[Records from a data source]

■ ■ ■ ■

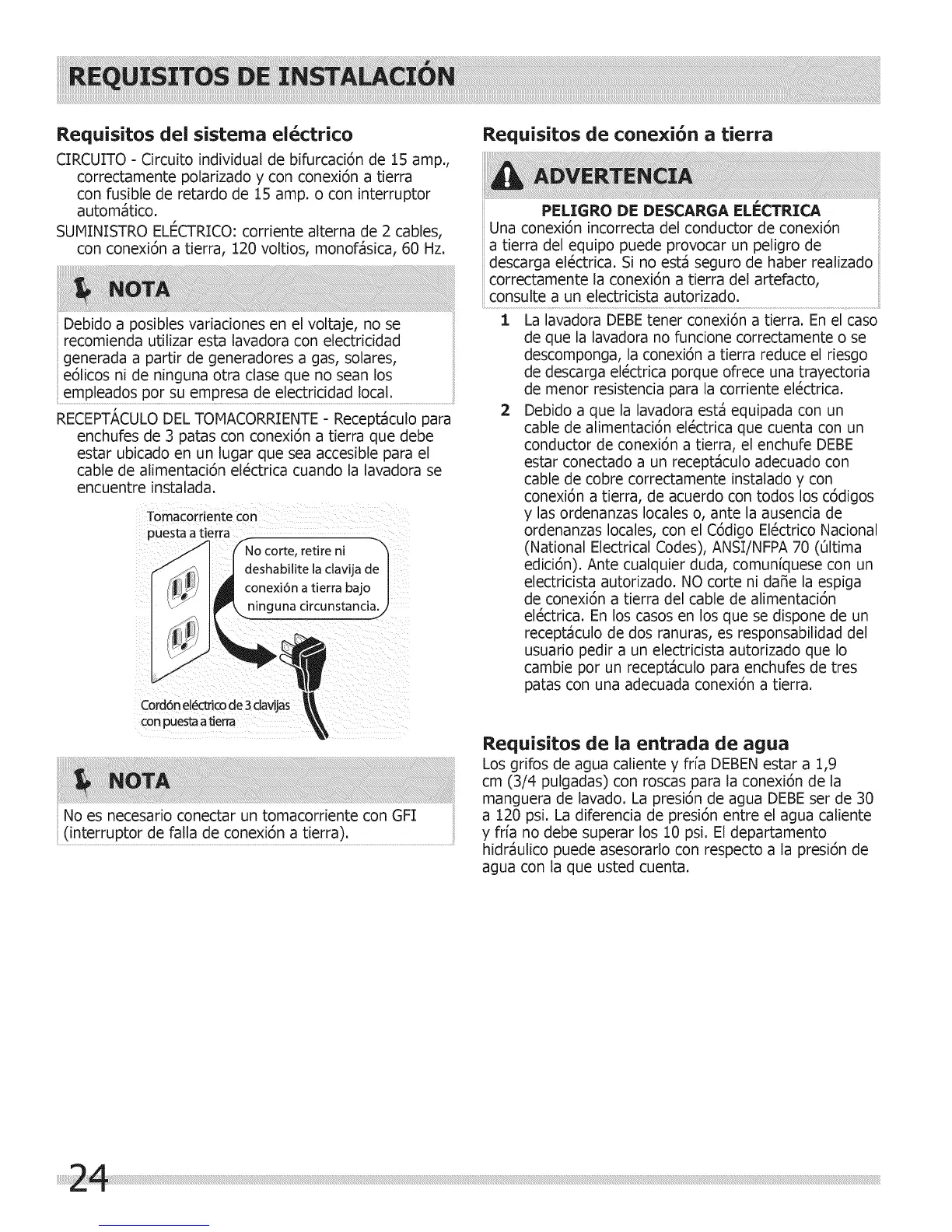 1 La lavadora DEBEtener conexi6n a tierra. En el caso
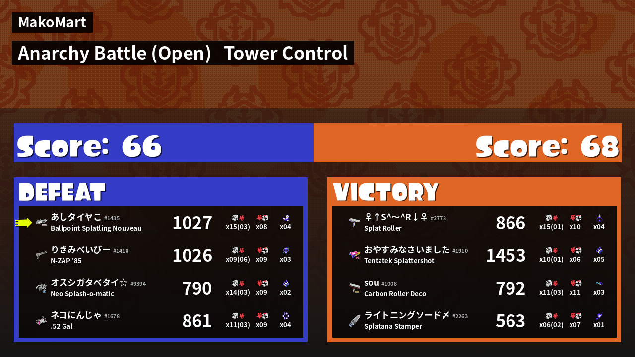 | Mode | Tower Control - Anarchy Battle (Open) | ||
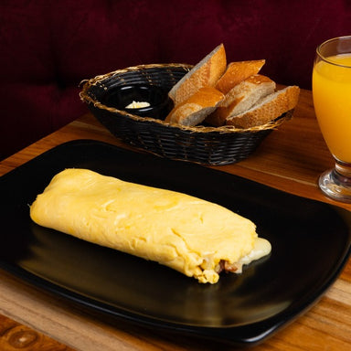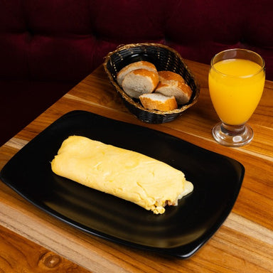 Nuestras originales y deliciosas tostadas francesas, de pan baguette mojado con huevo y leche, caliente, con sirope. ¡Una delicia!
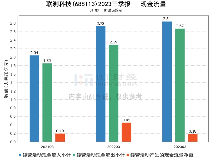 综上所述,联测科技2023年三季度的经营状况总体稳定,营业收入和净资产均实现了增长,但净利润和现金流量净额较上年同期有所下降。公司在动力系统智能测试装备的研发和制造方面具有较强的能力,产品和服务在新能源汽车、燃油汽车、船舶和航空等领域得到了广泛应用。
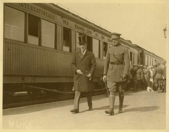 | Keywords: belgium world war one worldwarone president wilson king albert kingalbert adinkerke monochrome Local Accession Number: 1801 Description: President Wilson and King Albert walk alongside the train in Adinkerke. Photographer: U.S. Signal Corps Source: Unknown Size: 7x9 Medium: Print, Sepia Date: 06-18-1919 Local Accession Number: 1801 Description: President Wilson and King Albert walk alongside the train in Adinkerke. Photographer: U.S. Signal Corps Source: Unknown Size: 7x9 Medium: Print, Sepia Date: 06-18-1919 |

■ ■ ■ ■

■ **Task description**: Please print every record exactly as written, without the pictures.

■ **Written answer**:
 1 La lavadora DEBEtener conexi6n a tierra. En el caso
 | Mode | Tower Control - Anarchy Battle (Open) | ||
 Nuestras originales y deliciosas tostadas francesas, de pan baguette mojado con huevo y leche, caliente, con sirope. ¡Una delicia!
 综上所述,联测科技2023年三季度的经营状况总体稳定,营业收入和净资产均实现了增长,但净利润和现金流量净额较上年同期有所下降。公司在动力系统智能测试装备的研发和制造方面具有较强的能力,产品和服务在新能源汽车、燃油汽车、船舶和航空等领域得到了广泛应用。
 | Keywords: belgium world war one worldwarone president wilson king albert kingalbert adinkerke monochrome Local Accession Number: 1801 Description: President Wilson and King Albert walk alongside the train in Adinkerke. Photographer: U.S. Signal Corps Source: Unknown Size: 7x9 Medium: Print, Sepia Date: 06-18-1919 Local Accession Number: 1801 Description: President Wilson and King Albert walk alongside the train in Adinkerke. Photographer: U.S. Signal Corps Source: Unknown Size: 7x9 Medium: Print, Sepia Date: 06-18-1919 |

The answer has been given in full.